- [Instructions to follow]: Nothing but the lines from the one containing "In der Nacht" to the end of the data should be copied, exactly, and the pictures stay out.

- [Records from a dataset]:
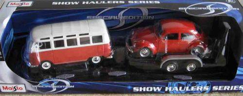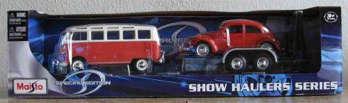 MAISTO SHOW HAULERS SERIES VW KOMBI, BEETLE & TRAILER COMBO 1/24/5 SCALE.(REDUCED)
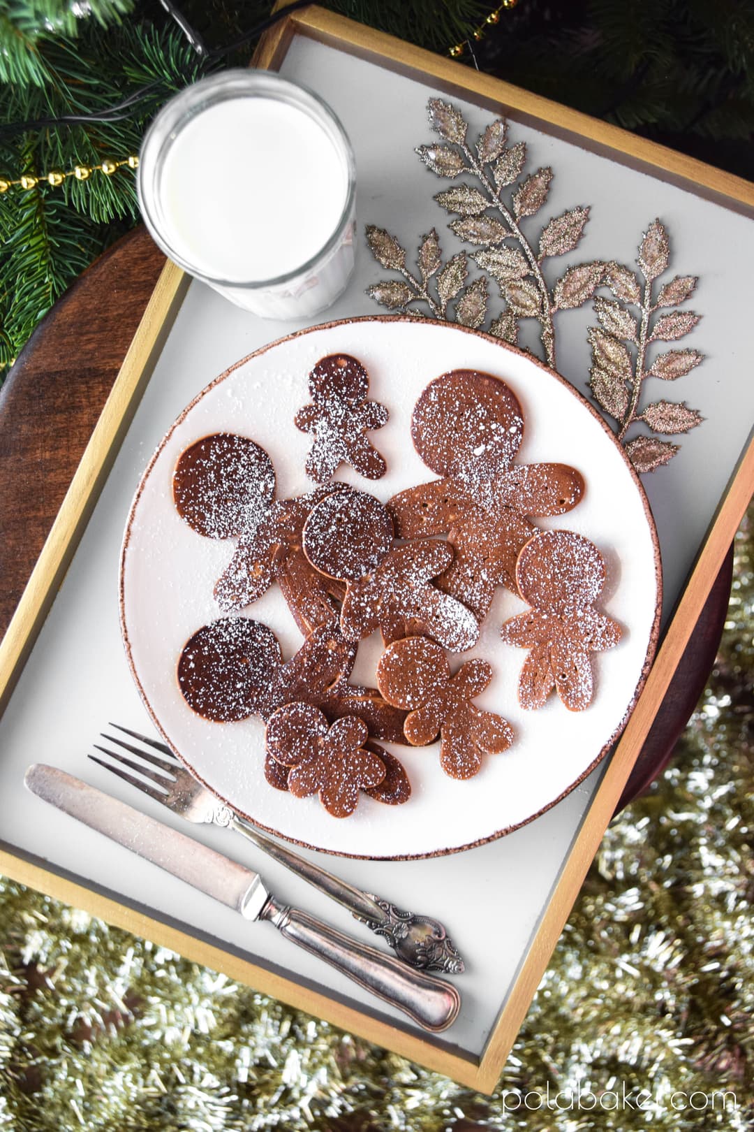 - To make it more festive, pour the batter into a squeeze bottle and create gingerbread man shapes on a pan.
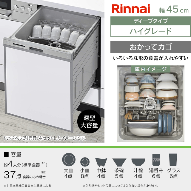 【工事費込み】RSW-SD401LPEA[おかってカゴ][ハイグレード][自立脚付きタイプ]|リンナイ 食洗機 ドアパネル型|幅45cm・ディープ(深型)タイプ・スライドオープン
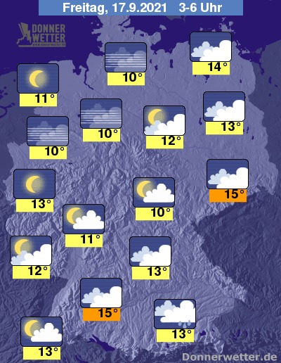 In der Nacht zum Freitag zeigt sich der Himmel über dem Westen und dem Norden Deutschlands meist sternenklar, dichte Wolken halten sich vor allem über dem Süden und Osten des Landes, dabei bleibt es aber weitgehend trocken. Am Alpenrand kann jedoch etwas Regen fallen. Die Temperatur sinkt auf 15 Grad in Dresden und bis 10 Grad in Hamburg.
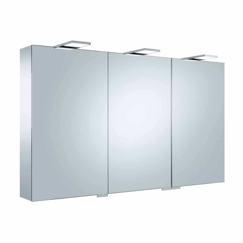 Pasqyrë konteineri me 3 dyer të varura me pasqyrë (gjithashtu të brendshme) dhe pasqyra anësore të pajisura me ndriçim LED.
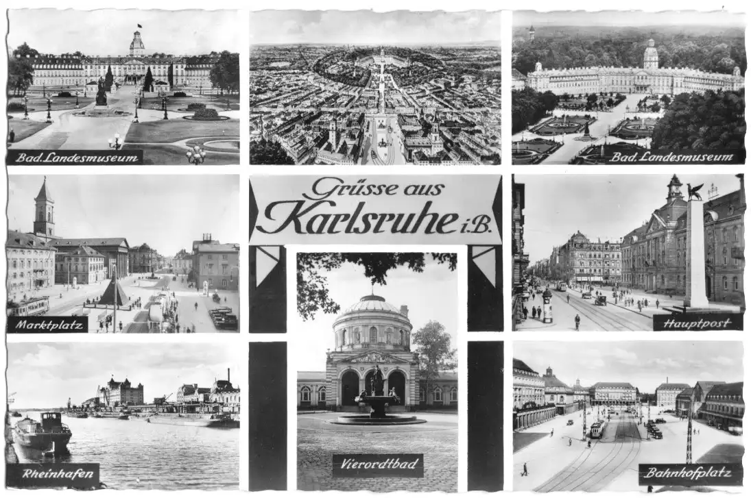 Ansichtskarte Karlsruhe i. B. acht Abb. Erhaltung I-II postalisch gelaufen, gestempelt: (17a) Kahrlsruhe (Baden) 2, 25.3.55 Verlag: keine Angaben
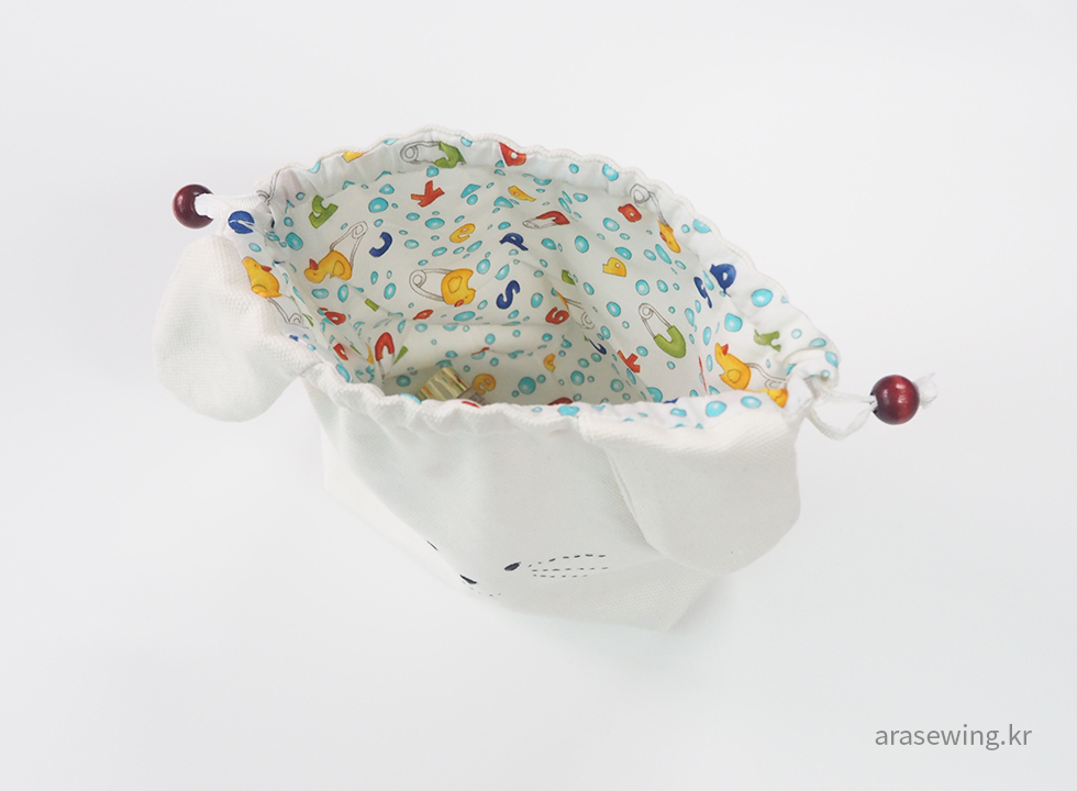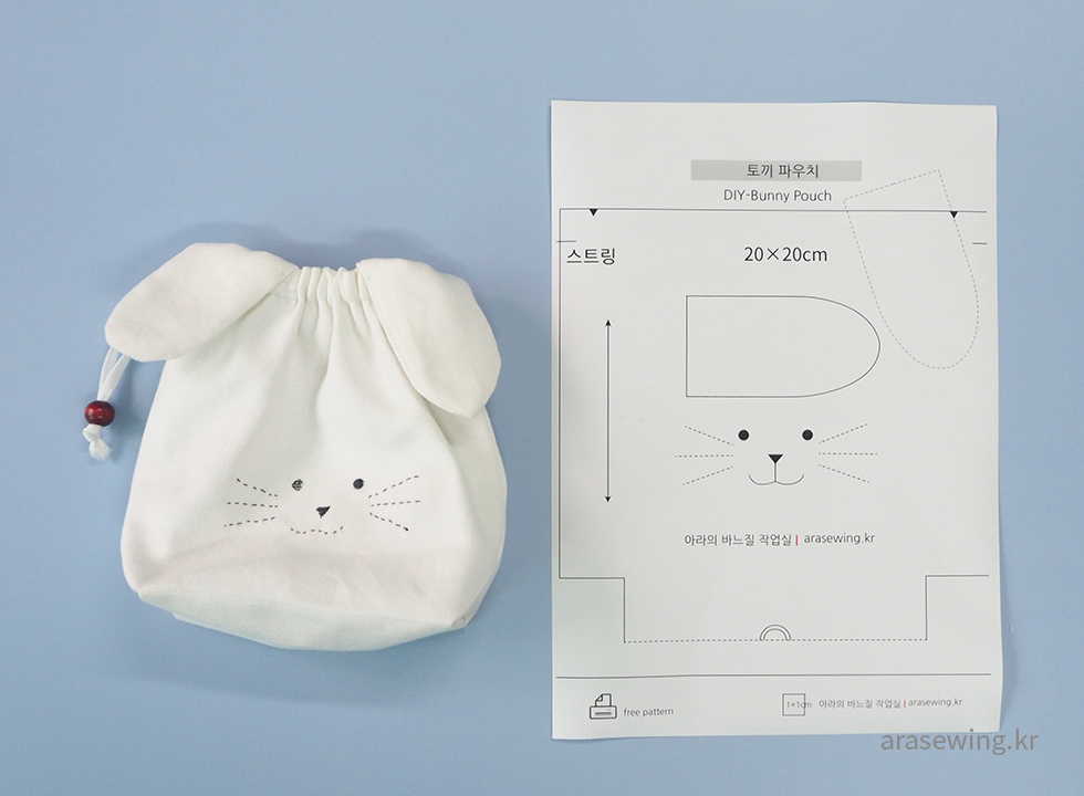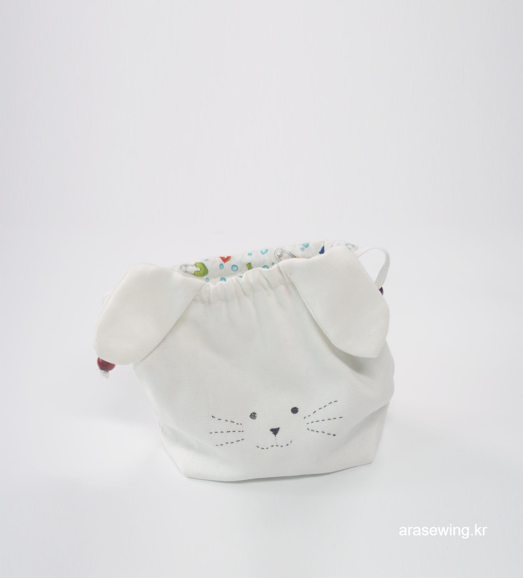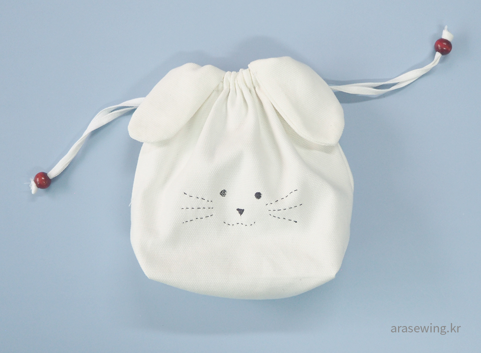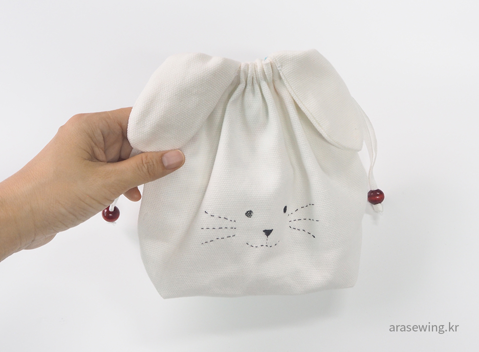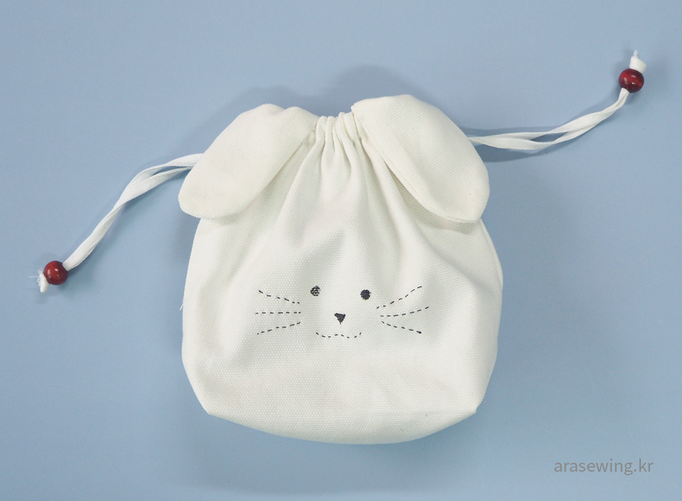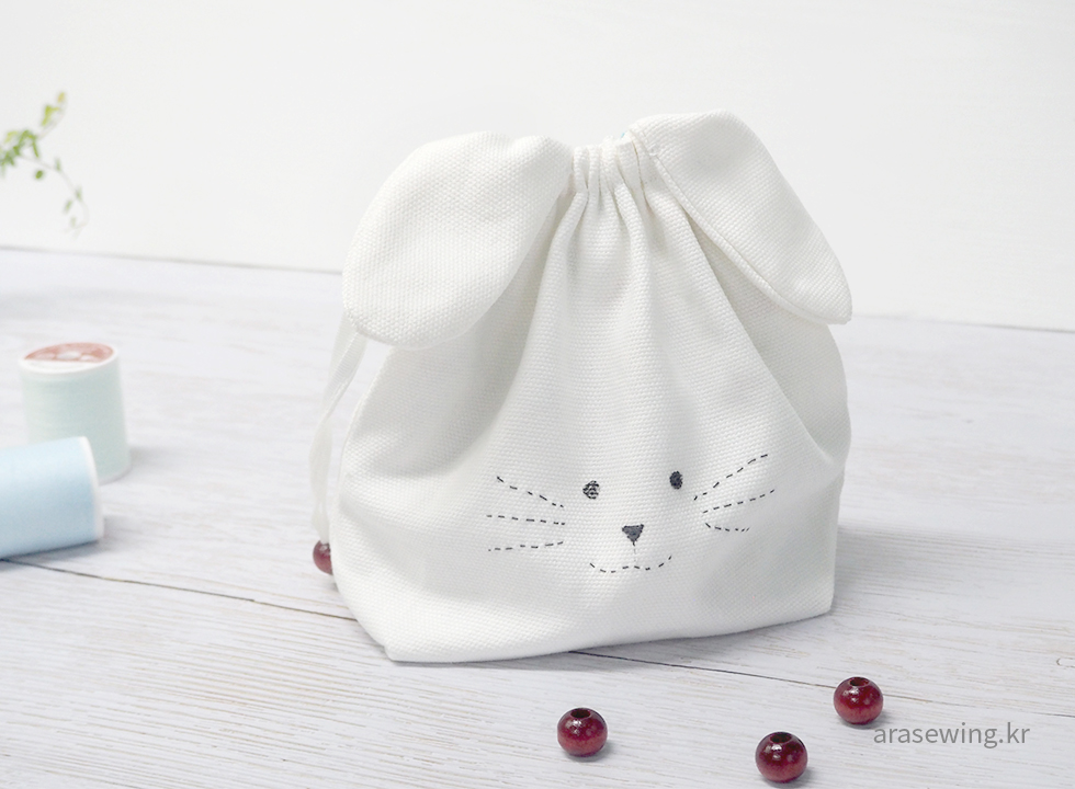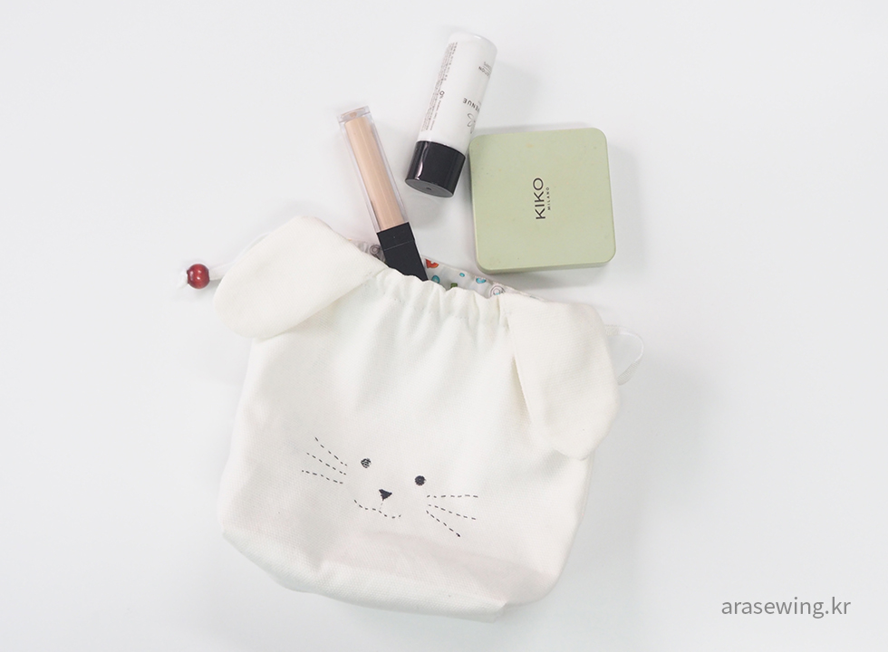 귀여운 파우치니까 사이즈는 작게, 심플하게... 감당할 수 있을지 모르지만 하얀 토끼가 생각나서 화이트 캔버스 원단을 집어 들었다. 토끼 하면 생각나는 귀. 음.. 귀를 똑바로 달았더니 스트링을 당겼을 때 울상이 되어버렸다. 그래서 귀 모양을 옆으로 비스듬히 끼우니 스트링을 조였을 때 쫑긋~ 하는 토끼. 나의 사랑스러운 파우치.

- [Output below]:
 In der Nacht zum Freitag zeigt sich der Himmel über dem Westen und dem Norden Deutschlands meist sternenklar, dichte Wolken halten sich vor allem über dem Süden und Osten des Landes, dabei bleibt es aber weitgehend trocken. Am Alpenrand kann jedoch etwas Regen fallen. Die Temperatur sinkt auf 15 Grad in Dresden und bis 10 Grad in Hamburg.
 Pasqyrë konteineri me 3 dyer të varura me pasqyrë (gjithashtu të brendshme) dhe pasqyra anësore të pajisura me ndriçim LED.
 Ansichtskarte Karlsruhe i. B. acht Abb. Erhaltung I-II postalisch gelaufen, gestempelt: (17a) Kahrlsruhe (Baden) 2, 25.3.55 Verlag: keine Angaben
 귀여운 파우치니까 사이즈는 작게, 심플하게... 감당할 수 있을지 모르지만 하얀 토끼가 생각나서 화이트 캔버스 원단을 집어 들었다. 토끼 하면 생각나는 귀. 음.. 귀를 똑바로 달았더니 스트링을 당겼을 때 울상이 되어버렸다. 그래서 귀 모양을 옆으로 비스듬히 끼우니 스트링을 조였을 때 쫑긋~ 하는 토끼. 나의 사랑스러운 파우치.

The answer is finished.